- Opening Delimiter -

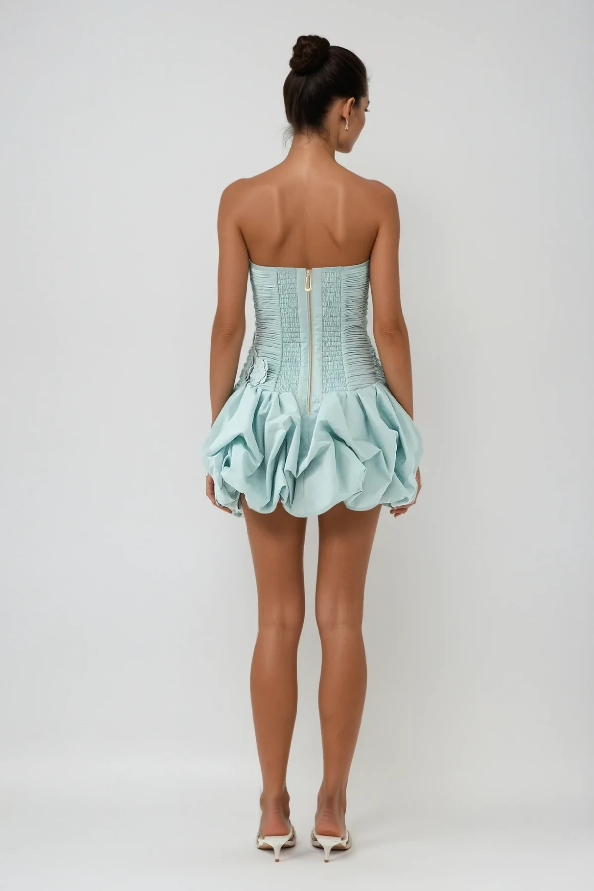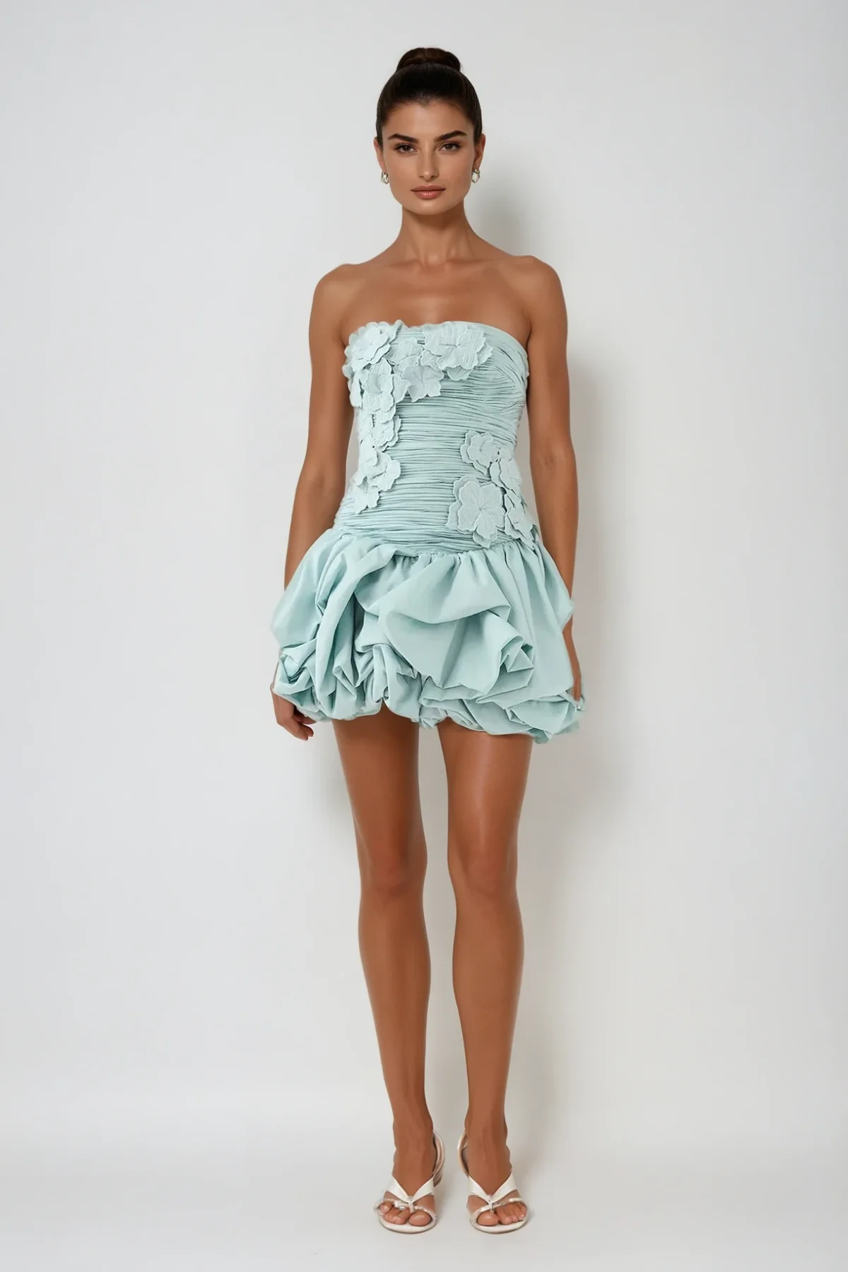 Elevate your style with our Green Floral Strapless Puffy Mini Dress. Featuring an eye-catching floral print, ruched bodice, and puffy mini skirt, this dress adds sophistication to any occasion. Made of 50% Polyester and 50% Cotton. Perfect for formal events or everyday elegance. Color may vary in images due to lighting.
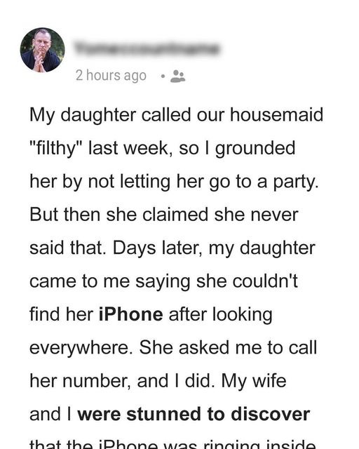 Later that day, I talked to Melanie about it, wanting to hear her side. She seemed confused and firmly denied saying such a thing. I was caught in a dilemma, though. Rosa had been visibly upset, and I trusted her, so I decided to take some action. Regrettably, I grounded Melanie, which meant missing a friend’s birthday party that weekend. She pleaded with me, tears brimming in her eyes, insisting that she didn’t use the word “filthy”. Yet, I stood by my decision, reminding her that it’s crucial to treat everyone with dignity, particularly those who work for us.
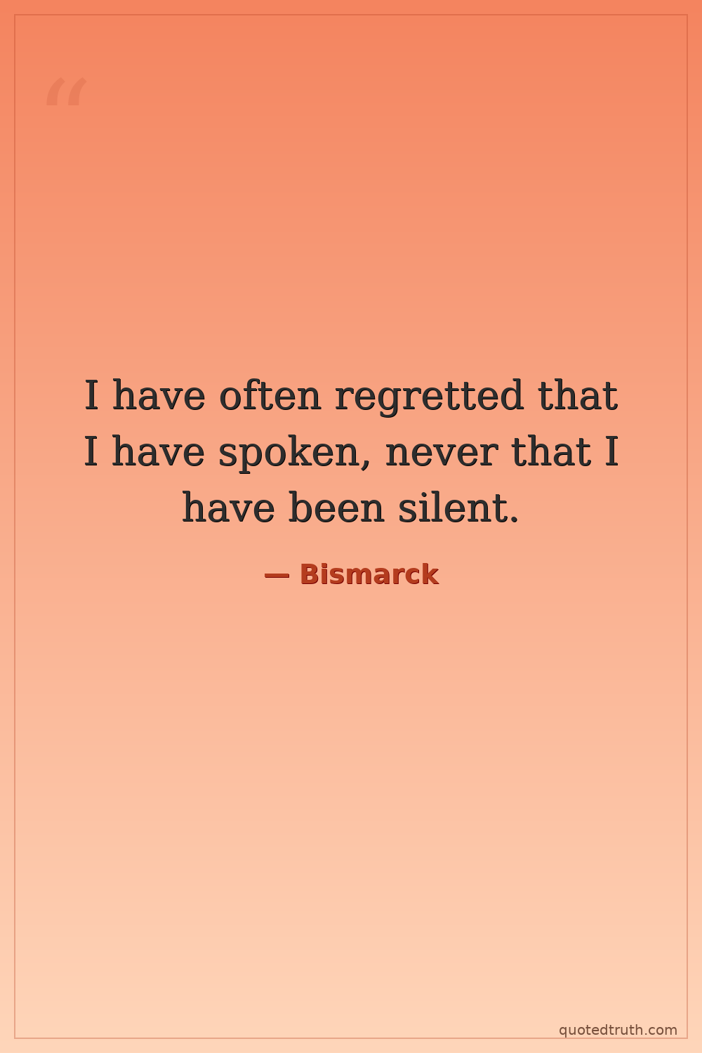 I have often regretted that I have spoken, never that I have been silent.
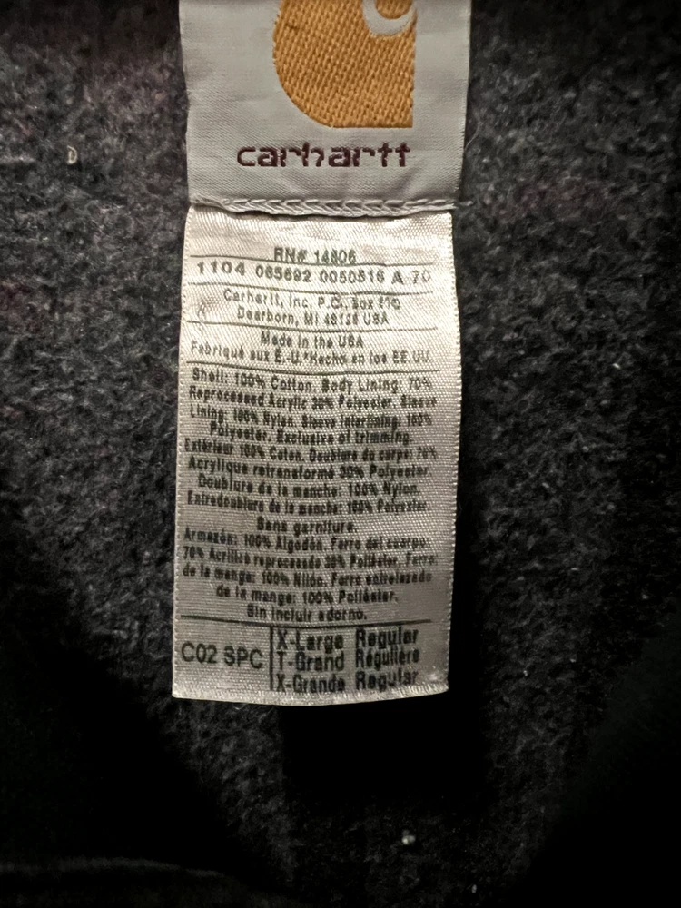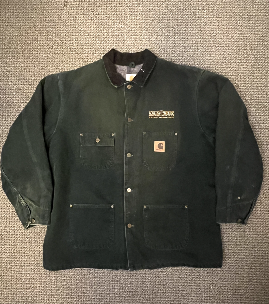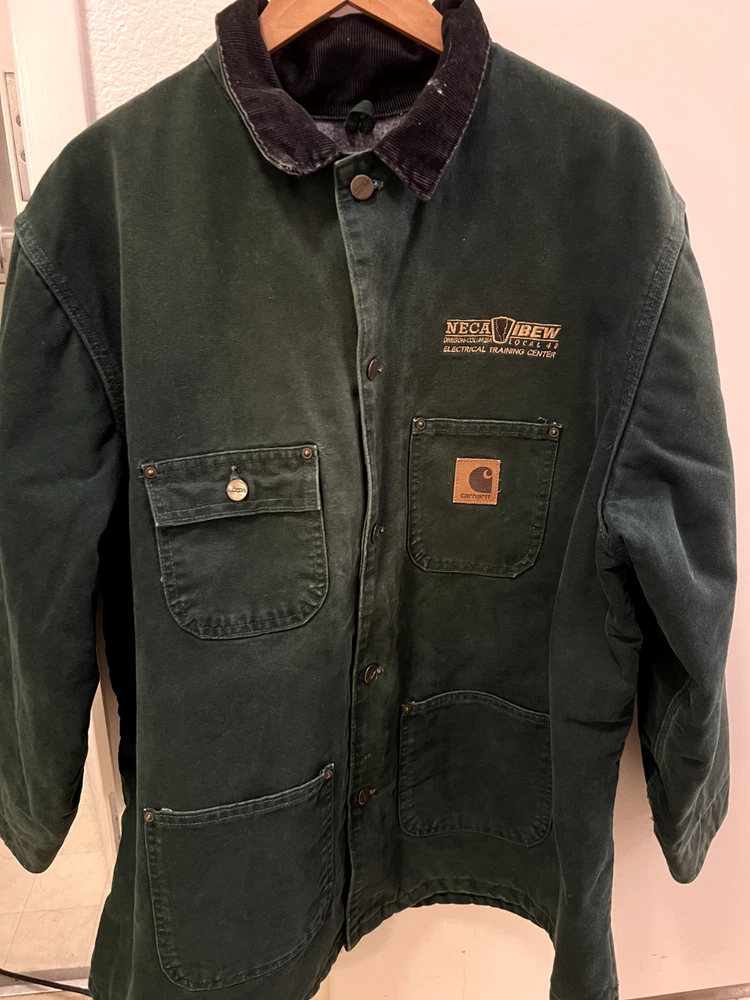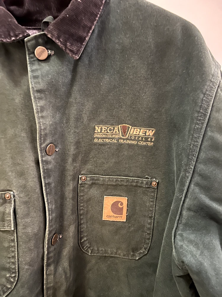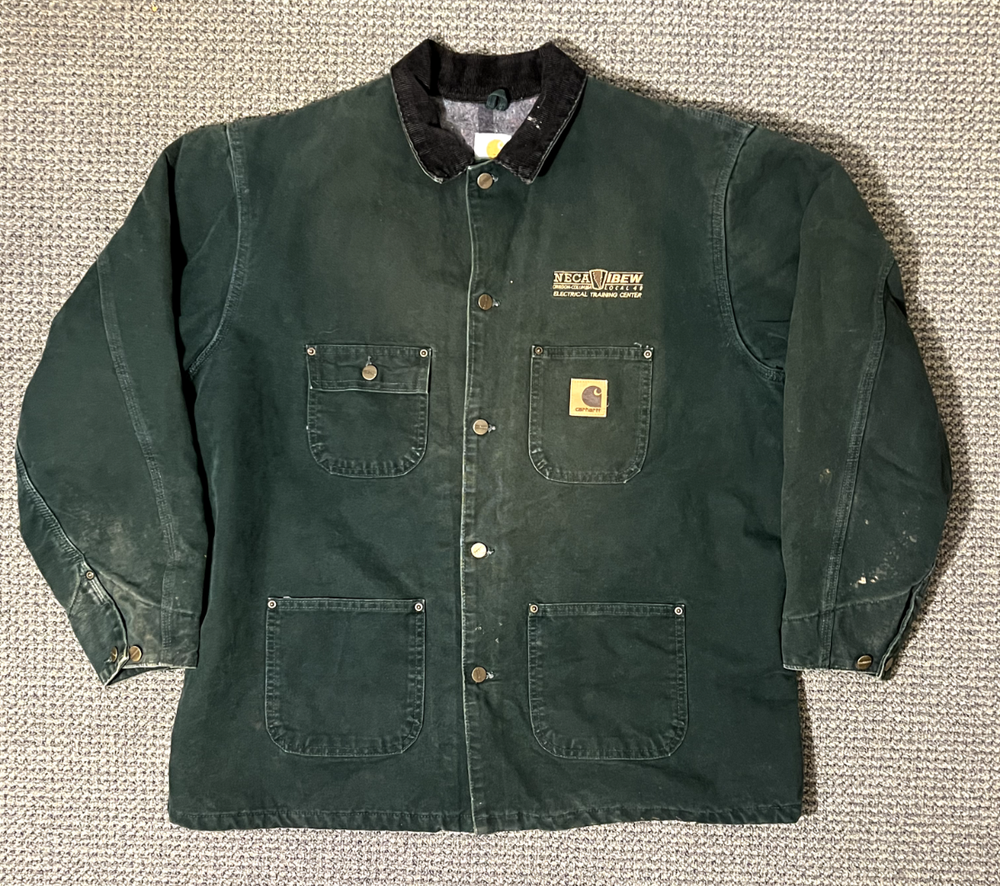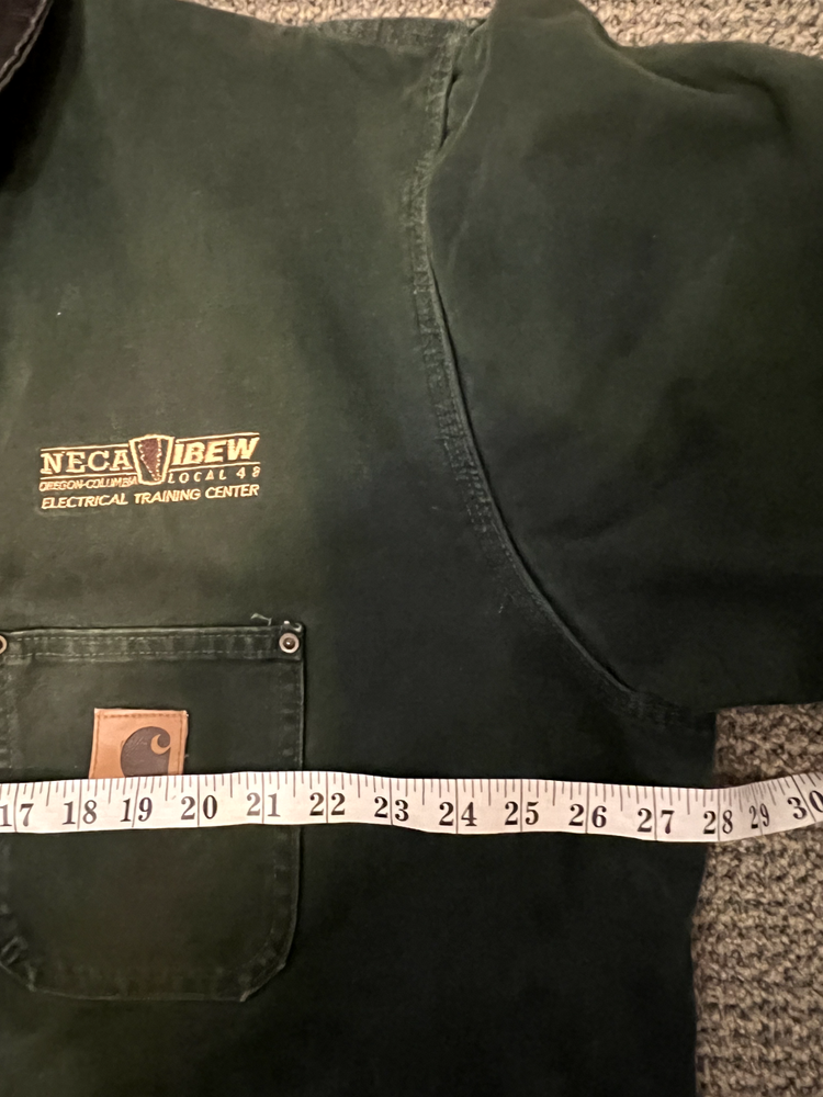 This is a Carhartt C02 chore coat in the rare and classic spruce green colorway. The photos don't do justice to how deep the green is. It was made in the US and features Carhartt’s heavyweight duck canvas. Excellent condition, blanket-lined, and tough and durable. I would have loved to keep it but it's slightly too large for me. I have the C01 version of this coat and these things last forever. Features embroidered NECA IBEW Local 48 union patch; this coat likely saw real use in the Pacific Northwest electrical trades. It shows some mild scuffing and surface markings, but nothing major. No tears or holes. The canvas still retains excellent structure. Interior blanket lining is clean and intact. Size: XL Pit to pit: 28" Length from the seam where the collar meets the shoulder down to the bottom hem: 32.5" Please let me know if you have any questions. Open to reasonable offers!

- Closing Delimiter -

▶ [What the exercise asks] What is needed is an exact restatement of the lines from the line with "Later that day, I" through the final line of the data, pictures excluded.

▶ [Exercise answer]
 Later that day, I talked to Melanie about it, wanting to hear her side. She seemed confused and firmly denied saying such a thing. I was caught in a dilemma, though. Rosa had been visibly upset, and I trusted her, so I decided to take some action. Regrettably, I grounded Melanie, which meant missing a friend’s birthday party that weekend. She pleaded with me, tears brimming in her eyes, insisting that she didn’t use the word “filthy”. Yet, I stood by my decision, reminding her that it’s crucial to treat everyone with dignity, particularly those who work for us.
 I have often regretted that I have spoken, never that I have been silent.
 This is a Carhartt C02 chore coat in the rare and classic spruce green colorway. The photos don't do justice to how deep the green is. It was made in the US and features Carhartt’s heavyweight duck canvas. Excellent condition, blanket-lined, and tough and durable. I would have loved to keep it but it's slightly too large for me. I have the C01 version of this coat and these things last forever. Features embroidered NECA IBEW Local 48 union patch; this coat likely saw real use in the Pacific Northwest electrical trades. It shows some mild scuffing and surface markings, but nothing major. No tears or holes. The canvas still retains excellent structure. Interior blanket lining is clean and intact. Size: XL Pit to pit: 28" Length from the seam where the collar meets the shoulder down to the bottom hem: 32.5" Please let me know if you have any questions. Open to reasonable offers!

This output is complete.